You can't go a week anymore without hearing news of yet another massive computer-security breach.
Sometimes it's a business-specific hacking: “Everyone's at risk who used a credit or debit card to make payment at a given restaurant, retailer or service provider in the past year or so.”
Sometimes it's a bank-specific hacking: “All clients of this particular financial institution are at risk.”
Then there's the healthcare hackings: “Beware if you sought treatment from any hospital, physician or medical center in this network.”
And the government hackings: “This state's licensed drivers are at risk after hackers broke into the DMV database.” “That state's income taxpayers are at risk.”
Car insurance or security companies have started putting out lists of which makes and models of automobiles are at the greatest risk of hackers hijacking their vital control systems. And as people equip their homes with Internet-connected “smart” devices, they risk hackers taking control of everything from their baby monitors to their HVAC systems.
Global risks
In addition to these relatively “localized” computer-security problems, there's also the occasional gigantic security flaws affecting the entire Internet: the “Heartbleed” open-source security flaw discovered last April put almost every password-protected online account at risk. The current “Shellshock” flaw discovered last week in software widely used in UNIX, Linux and Mac OS X systems can apparently let hackers take control of any computer that visits a compromised website.
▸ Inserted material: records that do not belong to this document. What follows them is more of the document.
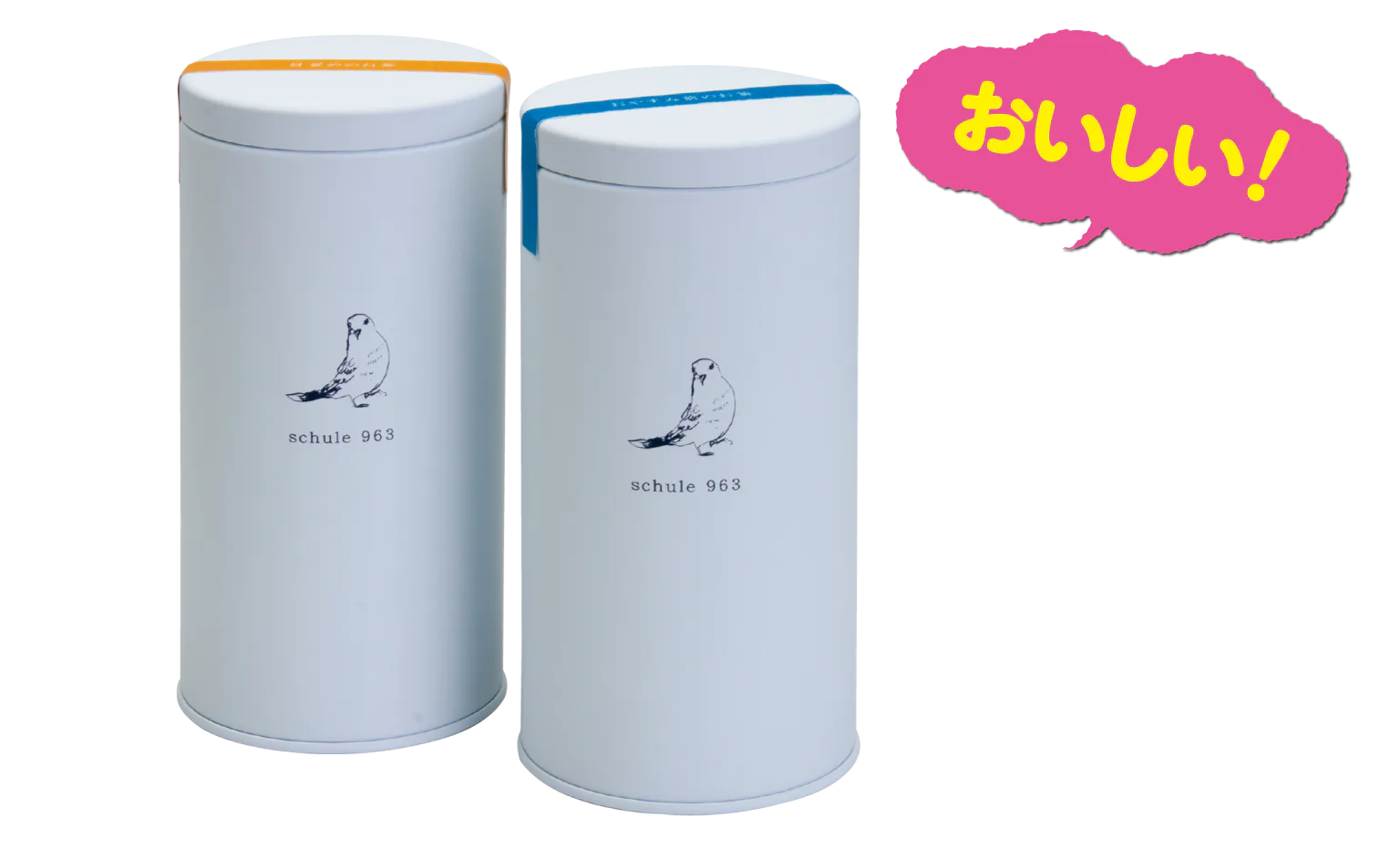 マスコットインコのまるちゃんのイラスト入り缶。目覚めはバラと阿波番茶、おやすみ前はカモミールとほうじ茶をブレンド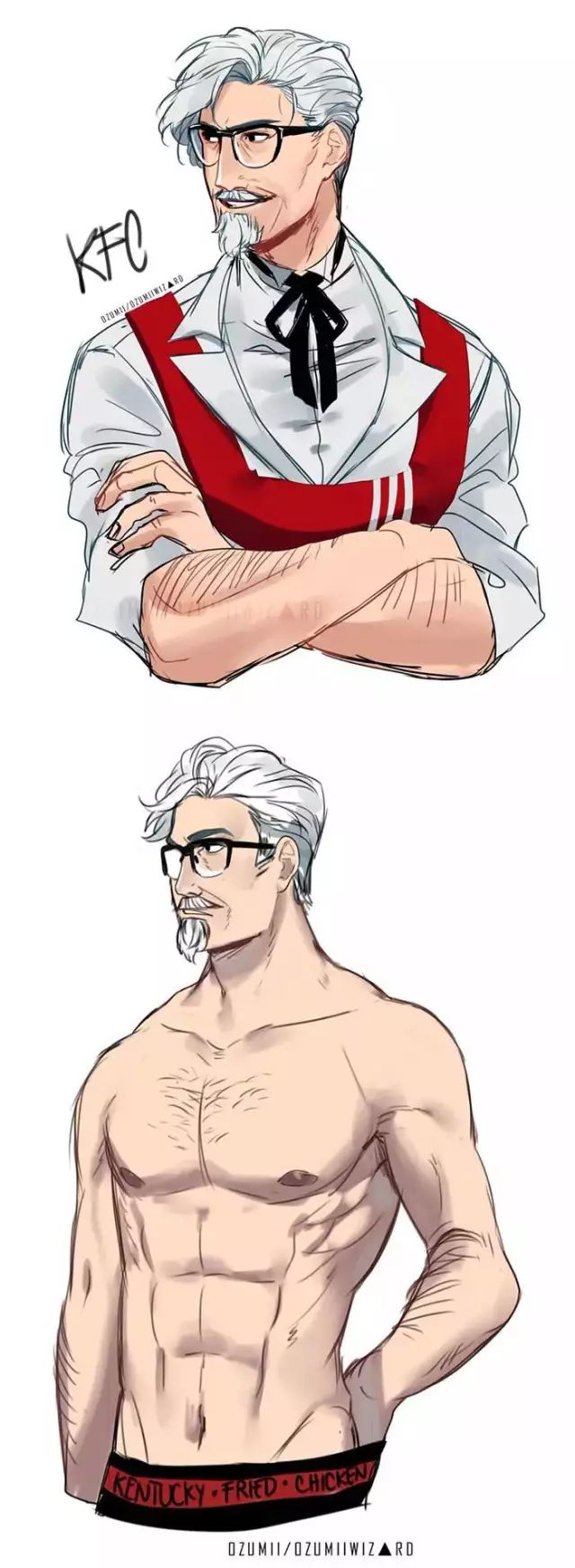 这些漫画与此次肯德基换的新形象,巧妙地不谋而合,都是又man又柔,又硬朗又朝气,是一个心有猛虎细嗅蔷薇的温柔绅士。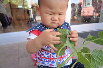 日かげが心地よく感じる日に、野菜の苗植えが行われました。初めて触れる苗に興味津々で、じっと見つめたり、葉を覆ううぶ毛でふわふわする茄子の葉を確かめるように触っていました。野菜の成長を楽しみながら、おいしく食べられる日を心待ちにしたいと思います。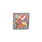 90cm×90cmの正方形サイズで小さくまとります。折りたためばサッとバッグに入れて持ち運べます。外出先でも邪魔になることはありません。また、身につけるだけでなく、手持ちのバッグにキュッと結べるアクセサリーとしても重宝します。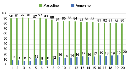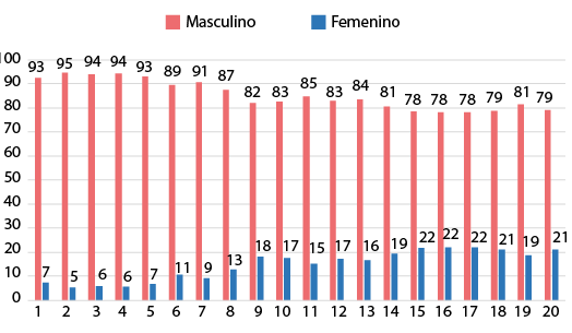 La presencia de mujeres docentes alterna entre un valor porcentual mínimo del 5 % hasta puntos máximos de 22 %. Estos datos reflejan que, durante estos períodos académicos, el porcentaje de mujeres no ha llegado a elevarse significativamente, y mucho menos cumplir con el valor porcentual de la paridad de género.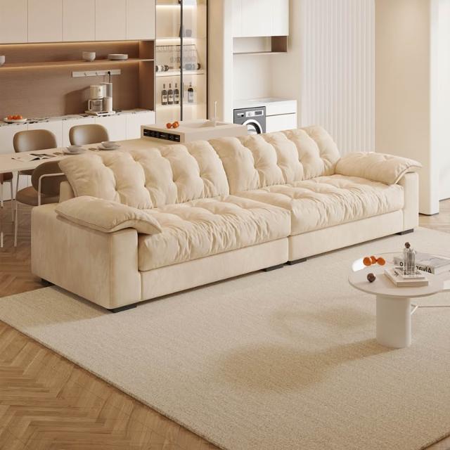 含稅/免運【多顏色可選】奶油風布藝沙發客廳小戶型簡約現代輕奢磨砂布直排家用雲朵沙發 BSF-13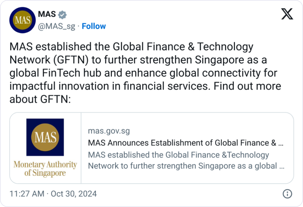 The Monetary Authority of Singapore (MAS) founded the Global Finance and Technology Network (GFTN) as part of its ongoing efforts to establish Singapore as a global hub for financial technology innovation.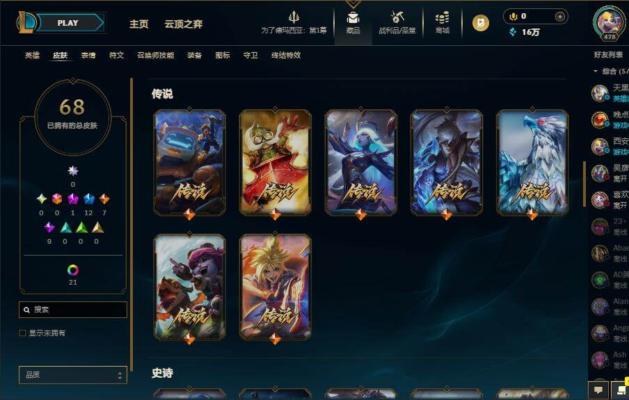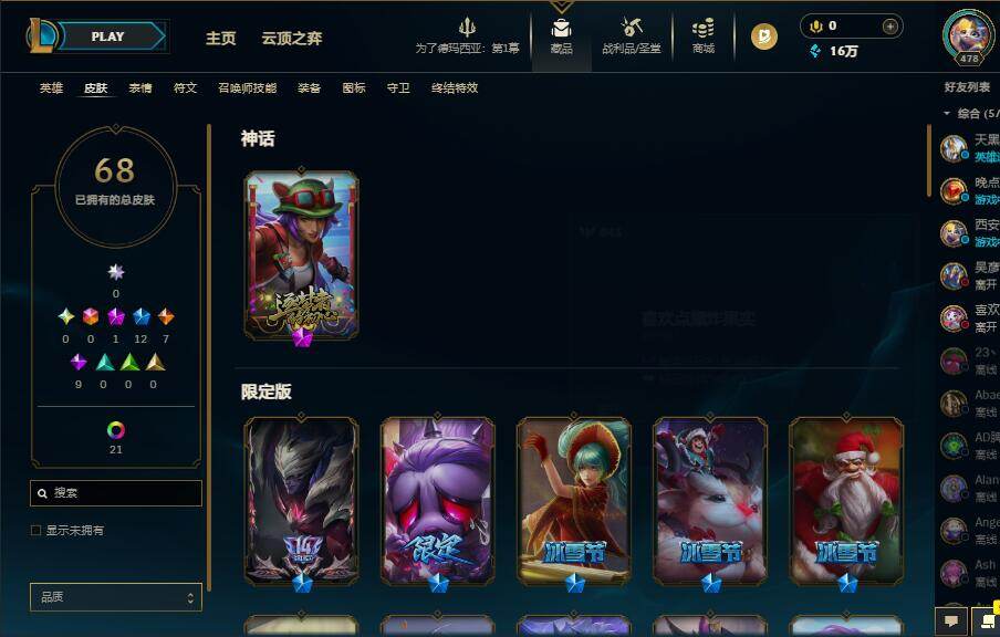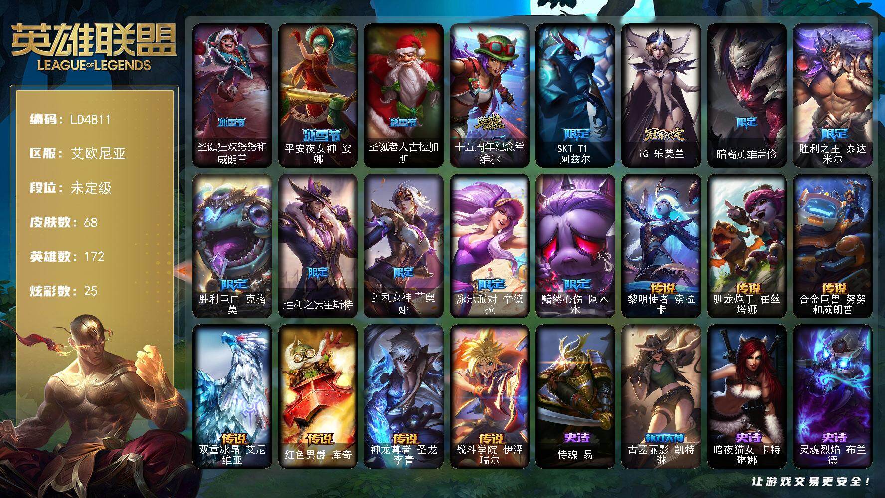 【302807】【LD4811】172英雄/68皮肤/1神话/12限定/4臻彩/25炫彩/7传说/9史诗/未定级账号等级:478/星之守护者娑娜未来之光/星之守护者卡莎热情之光/星之守护者阿卡丽热情之光/幽梦玫瑰辛德拉纯洁花蕾/圣诞狂欢努努和威朗普/平安夜女神娑娜/圣诞老人古拉加斯/十五周年纪念希维尔/SKTT1阿兹尔/IG乐芙兰/暗裔英雄盖伦/胜利之王泰达米尔/胜利巨口克格莫/胜利之运崔斯特/

Of course, there are certainly ways you can reduce your vulnerability to some online security flaws – I for one pay with cash in lieu of credit card anytime I can (though as a practical matter, credit cards are mandatory if you want to go on vacation: renting a hotel room or a car is impossible without one). This cash-only policy is partly to avoid the temptation of spending/charging more than I should, but mainly so I needn't bother getting a new credit card every week after my last one got compromised in the database hacking du jour.
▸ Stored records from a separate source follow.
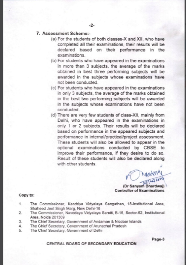 - Those students of CBSE 10th Board and CBSE 12th Board who have appeared in more than 3 subjects, the marks for the pending subject would be based on the average marks obtained in the best three subjects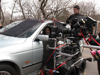 4. OR, you could use a long lens from a fixed tripod position and have the vehicle drive in circles around the camera. The idea being that the camera only pans left to right in complete circles while the vehicle drives in a larger circle around it. The long lens would help blur your background so that the audience wouldn't be able to tell that the car wasn't really driving straight down the road. Of course, there are potential camera-operating issues with this idea, so it isn't the best solution.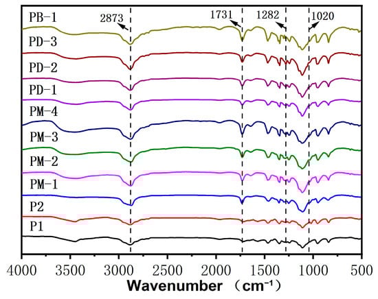 Figure 2 exhibits FT-IR spectra of comb-like and hyperbranched PCEs. The new adsorption bands at 1020 cm−1 are ascribed to the C-N group of the DMAEMA units. The new peak at 1282 cm−1 is assigned to the P=O deformation vibration. PM-4 and PD-3 had a stronger absorption peak than others at 842 cm−1 due to the HPEP over three methylene than MOEP.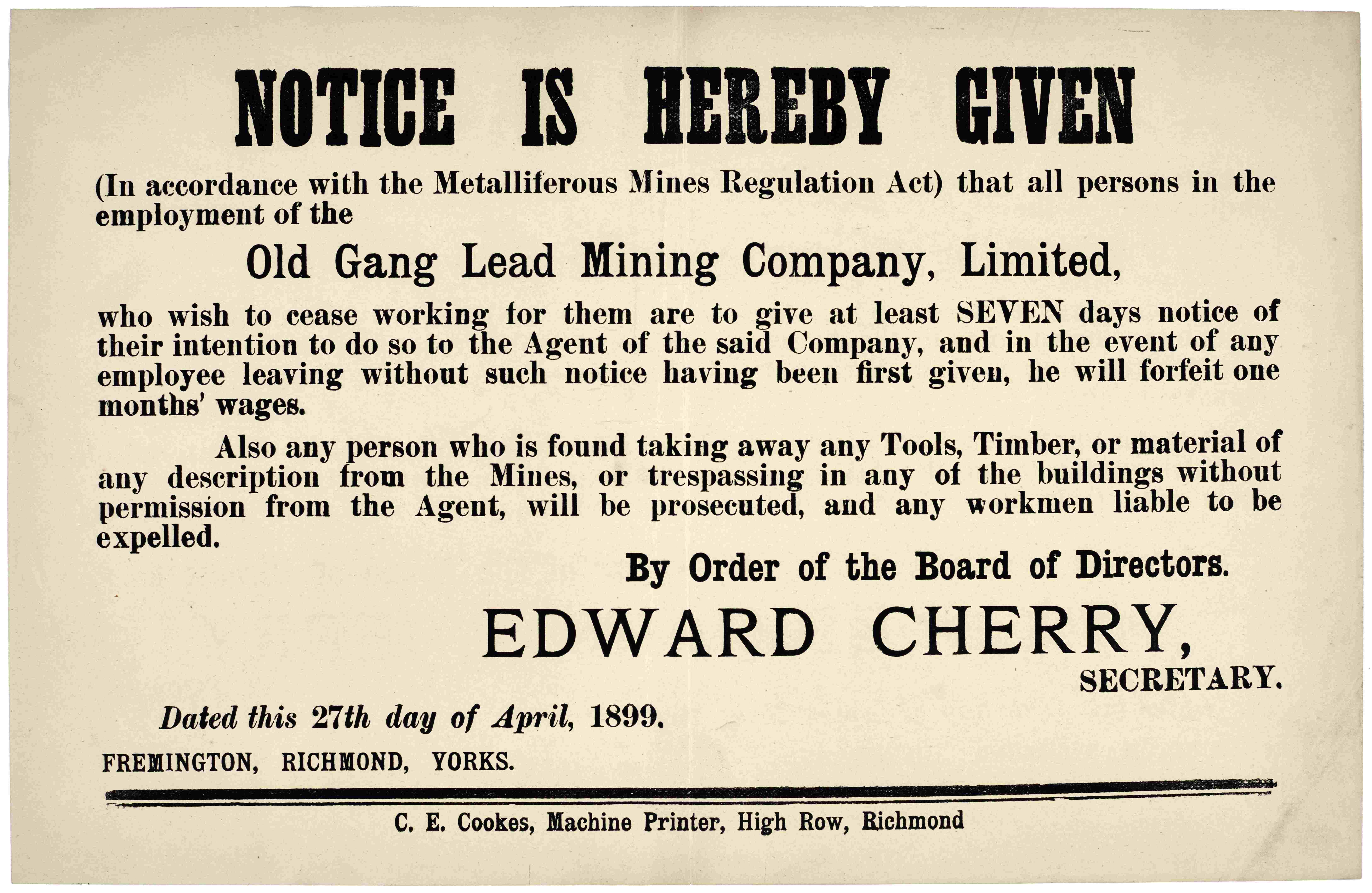 - Right: Notice regarding working conditions at Old Gang Lead Mining Company, 1899 [ZLB 3/34/14]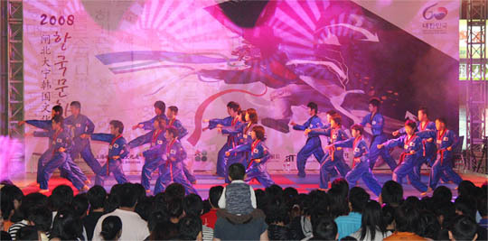 지난 7일까지 중국 상해 따닝 야외무대와 상해체육대학과 홍구 공원 등지에서 태권도 시범을 보인 무주군 학생태권도 시범단.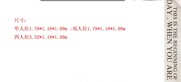 尺寸:单位沙发:1.79*1.18*1.09;二位沙发:2.31*1.18*1.09;四位沙发:3.32*1.18*1.09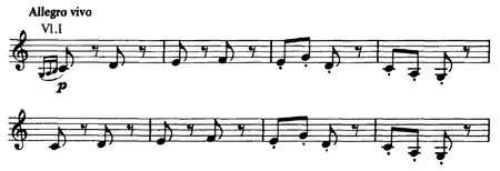 Kamarinskaya is based on two melodies. The first is a bridal song, "Izza gor" (From beyond the mountains). The second, the title song of the piece, is a naigrish, an instrumental dance to an ostinato melody repeated for as long as the dancers can keep up with it. Glinka uses the principle from folk song of allowing the musical structure to unfold around a thematic constant—or actually two constants, since he uses two folk songs.[10] He varies the background material surrounding these songs more than the songs themselves—orchestral color (timbre), harmonization, counterpoint. This way, Glinka preserves the original character of the dance, complementing it with creative variations in the orchestral treatment.[11]

But unless you completely drop out of modern mainstream society, staying out of all hackable databases simply isn't possible: if you hold a job, pay taxes, have a driver's license or visit a doctor, your personal information is at risk.
Can't patch the holes?
And if you're old enough to have adult, or at least teenage, memories of life before the Internet, you might occasionally grow frustrated enough to wonder: how did we reach the point where pretty much our entire system of business, finance and government is reliant on this constantly insecure network? Can't we patch these security holes, and fix the Internet?
Jose Pagliary, writing about “the cybercrime economy” for CNN, suggests the answer to that last question is “no.” Or maybe it's even the wrong question: these massive security flaws aren't a sign that the Internet is broken, so much as an indication the Internet is being used for purposes it was never intended to serve. As Pagliary said (bold print from the original):
The Internet was never meant for this. We use the Internet for banking, business, education and national defense. These things require privacy and the assurance that you are actually who you say you are.
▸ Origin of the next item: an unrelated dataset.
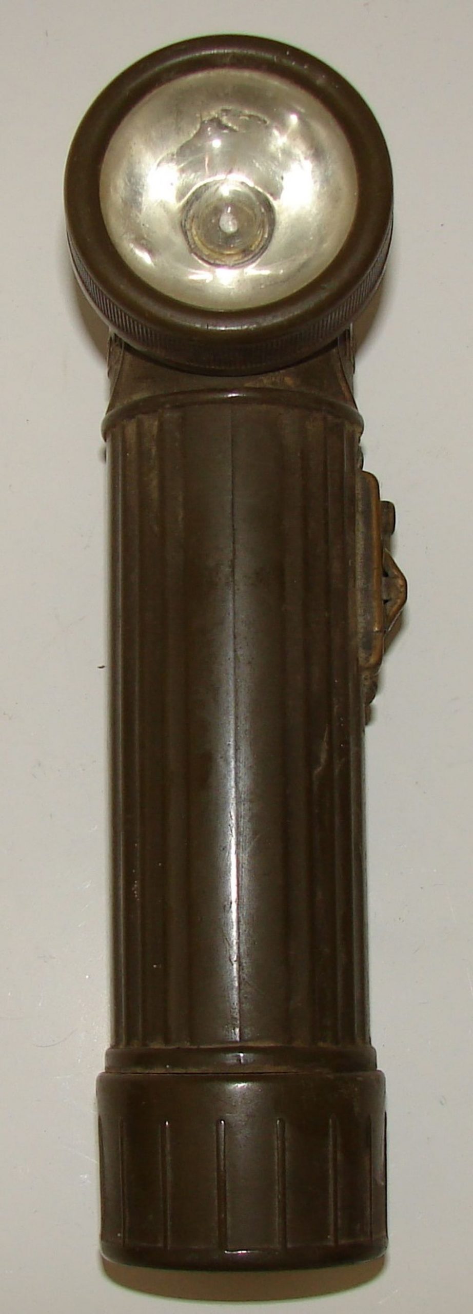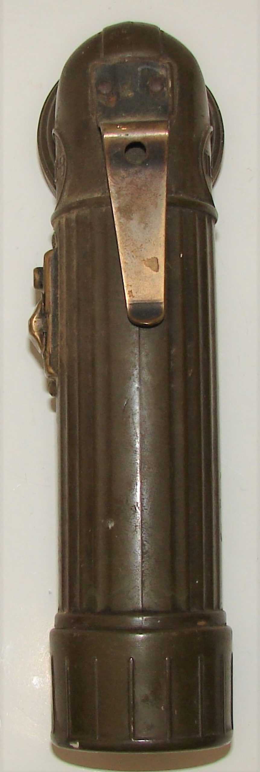 Lampe électrique TL 122 B de l'US Army en plastique vert, sans les filtres de différentes couleurs. L'ampoule de rechange est en place. Le bouton poussoir fonctionne. Bouchon marqué: " USA LITE, united states electric MFG corp. NEW YORK." Initiales "MB" gravées sur le bouchon.
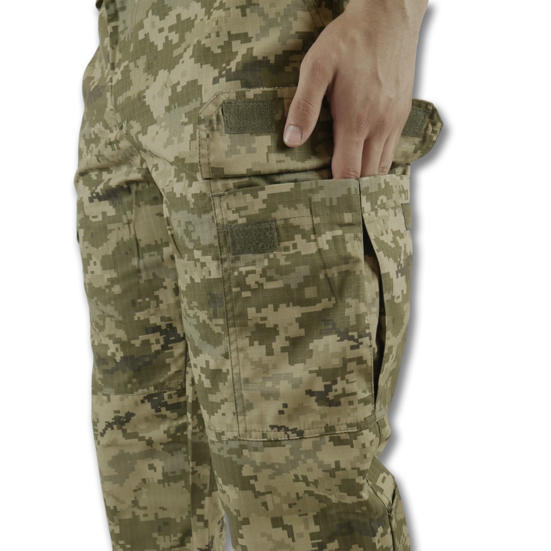 - Матеріал: бавовняна тканина ріп-стоп – високоміцна, армована структура плетіння.

The Internet, as it was designed, offers neither. When the Worldwide Web was built 25 years ago, it existed as a channel for physicists to pass research back and forth. It was a small, closed community. The scientists at Stanford trusted the researchers at the University of California - Los Angeles.
In other words: the whole point of the Internet was originally about making it easier to share information – remember the “information superhighway?” – whereas for modern “online security” concerns, the point is to prevent unauthorized sharing (read: “theft”) of information.
You can make it easier to share something, or you can make that something harder to steal – but try accomplishing both tasks at once, with the same tool, and you've got a problem. And that, in a nutshell, is what's wrong with “Internet security.”
Pagliary notes:
In 2014, it's still standard to send Internet communication in plain text. Anyone could tap into a connection and observe what you're saying. Engineers developed HTTPS nearly 20 years ago to protect conversations by encrypting them -- but major email providers and social media sites are only now enabling this. And sites like Instagram and Reddit still don't use it by default.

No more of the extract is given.